Records from a data collection
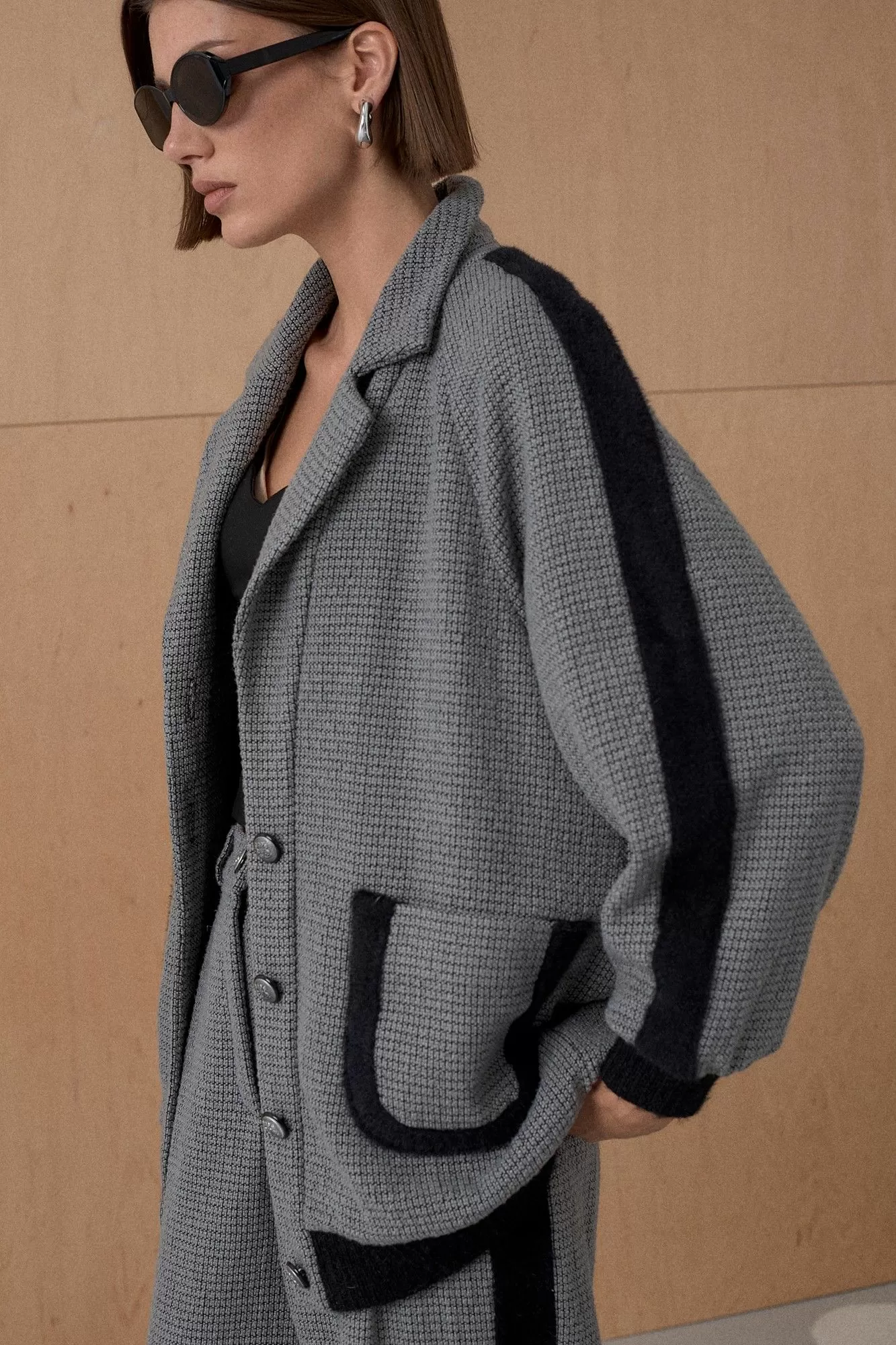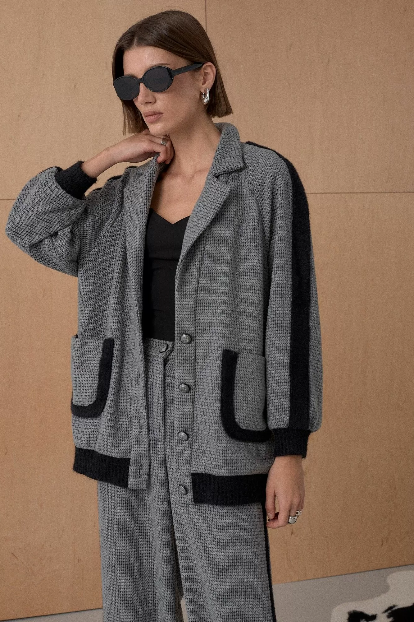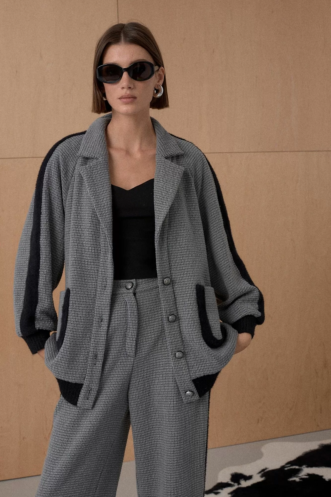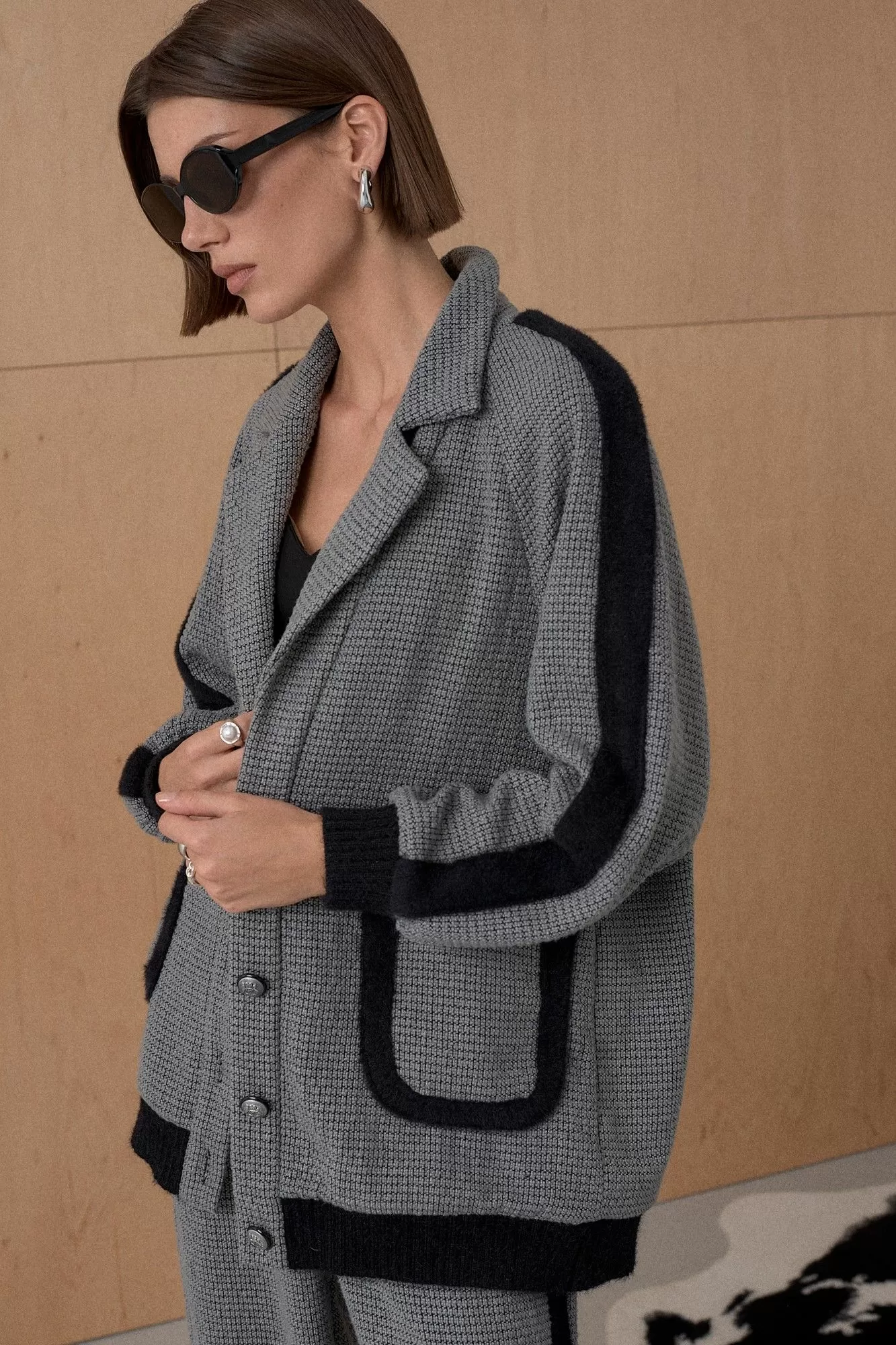Жакет из твидовой ткани декорирован лентами в виде лампасов. На подкладке. Длина от плечевой точки у основая шеи 76 см. Состав 73% ПЭ, 21% вискоза, 6% спандекс
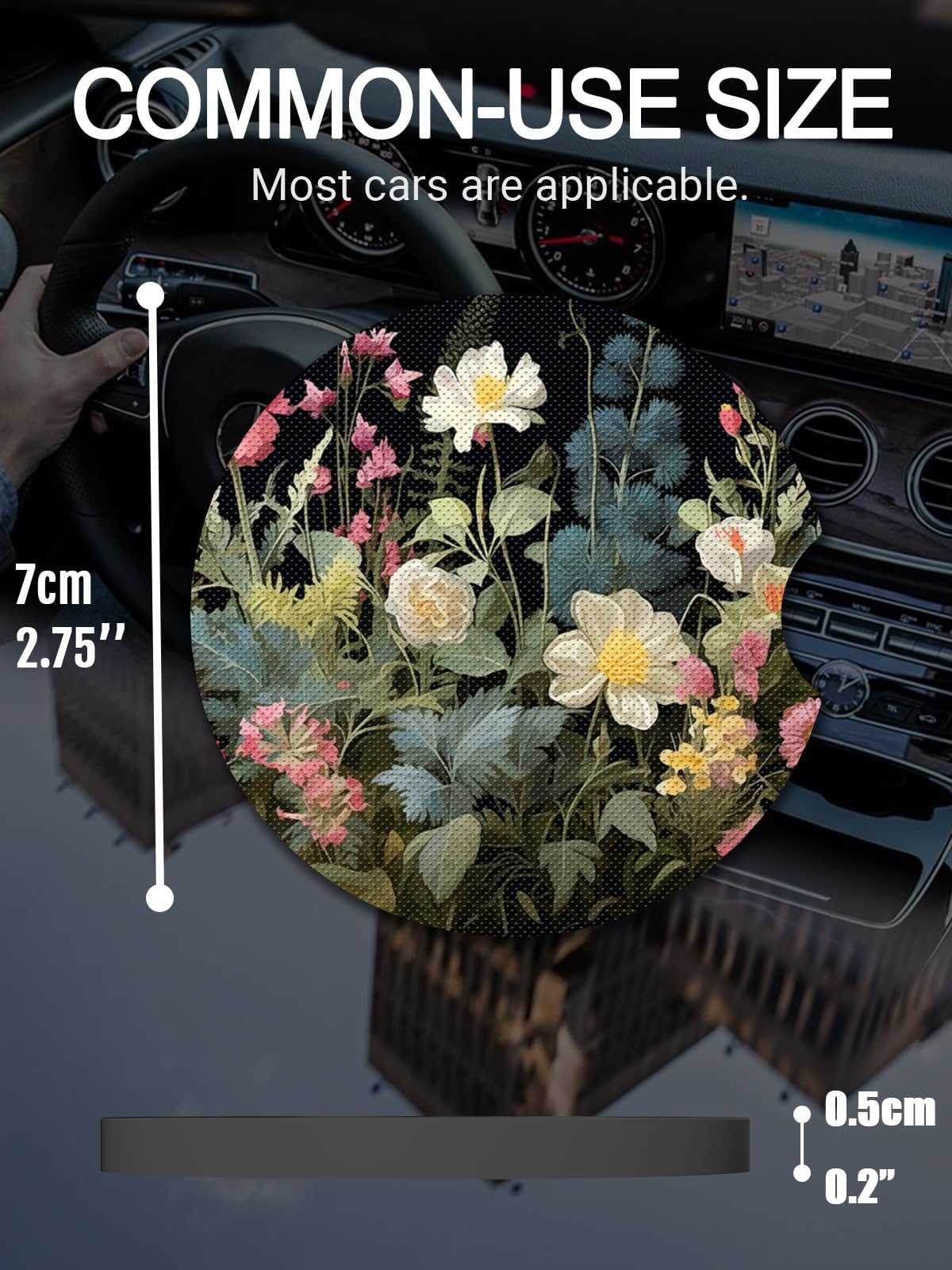 Diameter 2.75 inch, thick 0.2inch.These car cup holder coasters are general dimensions. We suggest that you measure your size to make sure it matches
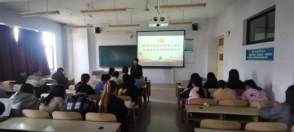 2021年4月27 日下午,医药与护理学院第二学生党支部在体育楼503教室举行委员会委员选举大会。会议由医药与护理学院党总支副书记孟爱青主持,组织员王永顺同志和全体学生党员参加。
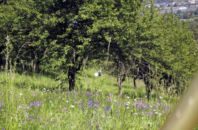 die ortsüblichen Kirschobstwiesen mit Magerrasen Gelegenheit zum ausgiebigen
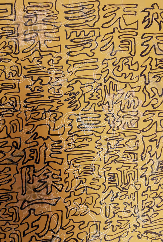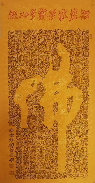 第二種表現手法:作品中間部分有個“佛”字,形狀好比一個弟子拜觀音的造型,這個“佛”字並不是寫出來的,而是由眾多小空心字書寫時候巧妙地留白空出來的,這個空是宣紙的本相。但是我們感覺到空的存在。征服作品巧妙地表達了“空即是色,色即是空”的因果循環。
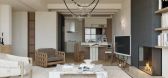 ...其中心部分被储藏柜包围,为了隐蔽处于其中的小地窖和洗衣房。该设计旨在保证室内外的功能连续性。两个庭院和一个中庭花园使室内外空间相连接。住宅旁的泳池倒映着周边村落的美景。
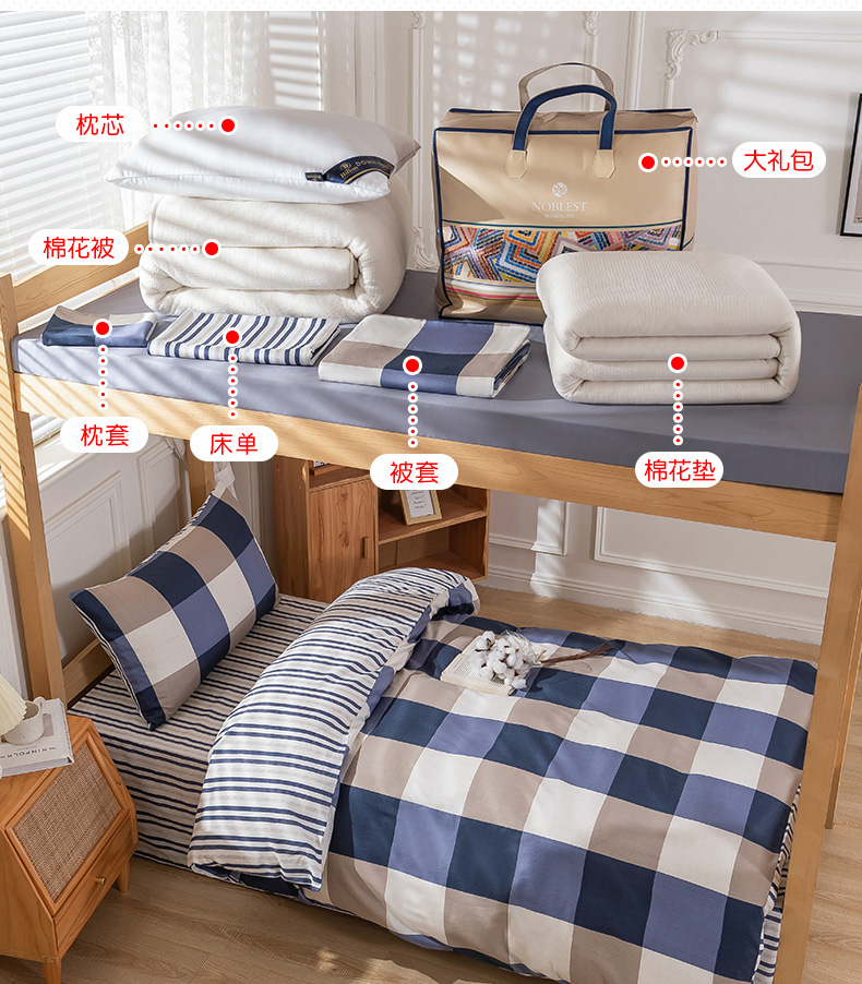 套装一:三件套+3斤棉花床垫+3斤棉花被+枕芯+包装
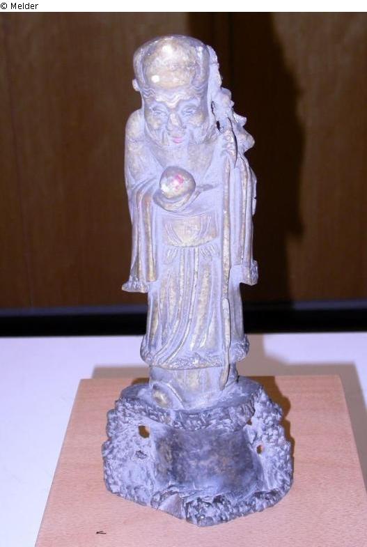 Glücksgott mit Granatapfel und Wanderstab
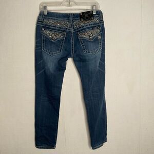 This Buckle Miss Me Skinny Jeans Womens Sz 28 Blue Denim Miss Rhinestone Thick Stitch
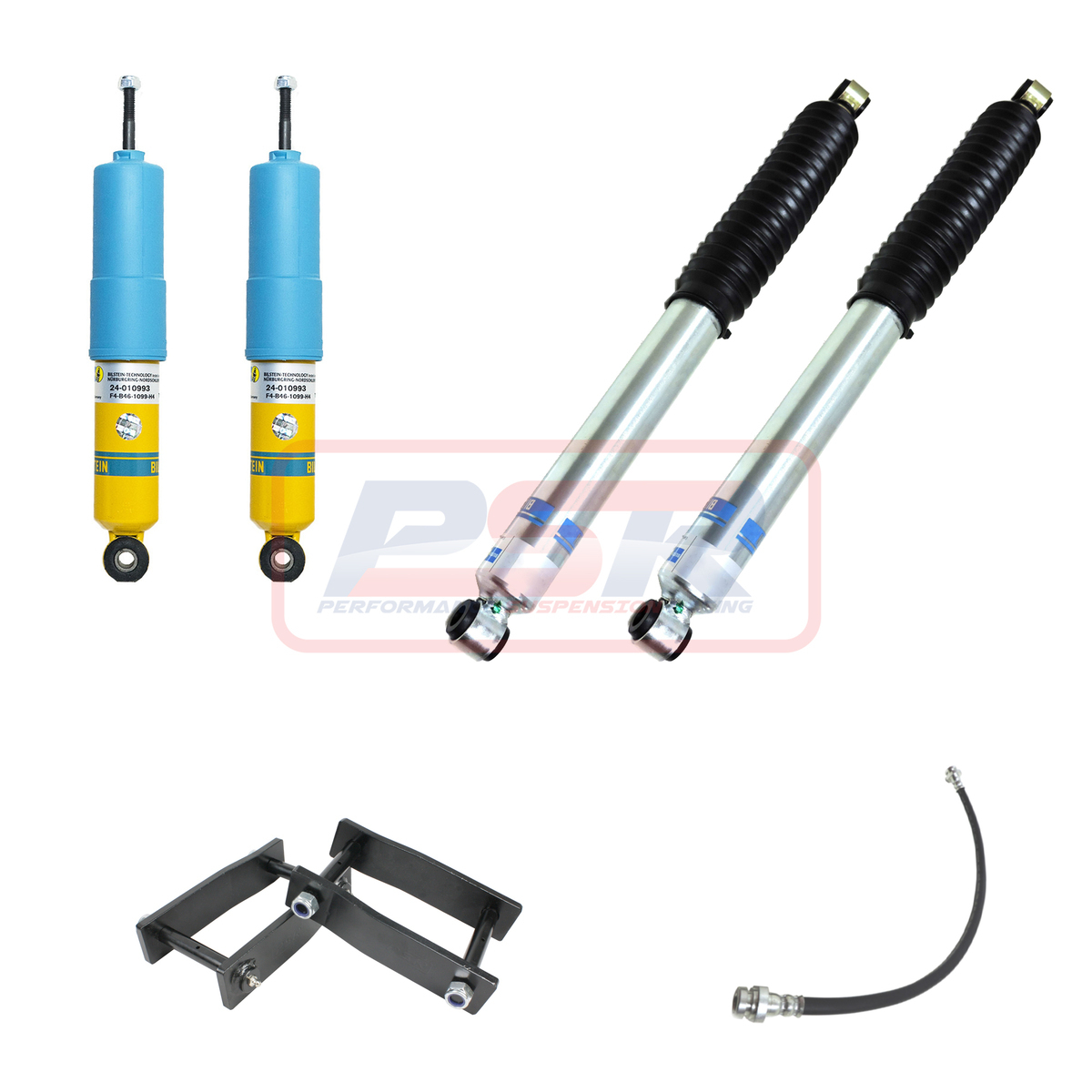 This system sits at 2" front & 1" rear and contains Bilstein front and rear shocks, PSR extended shackles, brake hose and optional torsion bars.

> [Problem to solve]: Retype the data above verbatim, minus images.

> [Result of the task]:
Жакет из твидовой ткани декорирован лентами в виде лампасов. На подкладке. Длина от плечевой точки у основая шеи 76 см. Состав 73% ПЭ, 21% вискоза, 6% спандекс
 Diameter 2.75 inch, thick 0.2inch.These car cup holder coasters are general dimensions. We suggest that you measure your size to make sure it matches
 2021年4月27 日下午,医药与护理学院第二学生党支部在体育楼503教室举行委员会委员选举大会。会议由医药与护理学院党总支副书记孟爱青主持,组织员王永顺同志和全体学生党员参加。
 die ortsüblichen Kirschobstwiesen mit Magerrasen Gelegenheit zum ausgiebigen
 第二種表現手法:作品中間部分有個“佛”字,形狀好比一個弟子拜觀音的造型,這個“佛”字並不是寫出來的,而是由眾多小空心字書寫時候巧妙地留白空出來的,這個空是宣紙的本相。但是我們感覺到空的存在。征服作品巧妙地表達了“空即是色,色即是空”的因果循環。
 ...其中心部分被储藏柜包围,为了隐蔽处于其中的小地窖和洗衣房。该设计旨在保证室内外的功能连续性。两个庭院和一个中庭花园使室内外空间相连接。住宅旁的泳池倒映着周边村落的美景。
 套装一:三件套+3斤棉花床垫+3斤棉花被+枕芯+包装
 Glücksgott mit Granatapfel und Wanderstab
 This Buckle Miss Me Skinny Jeans Womens Sz 28 Blue Denim Miss Rhinestone Thick Stitch
 This system sits at 2" front & 1" rear and contains Bilstein front and rear shocks, PSR extended shackles, brake hose and optional torsion bars.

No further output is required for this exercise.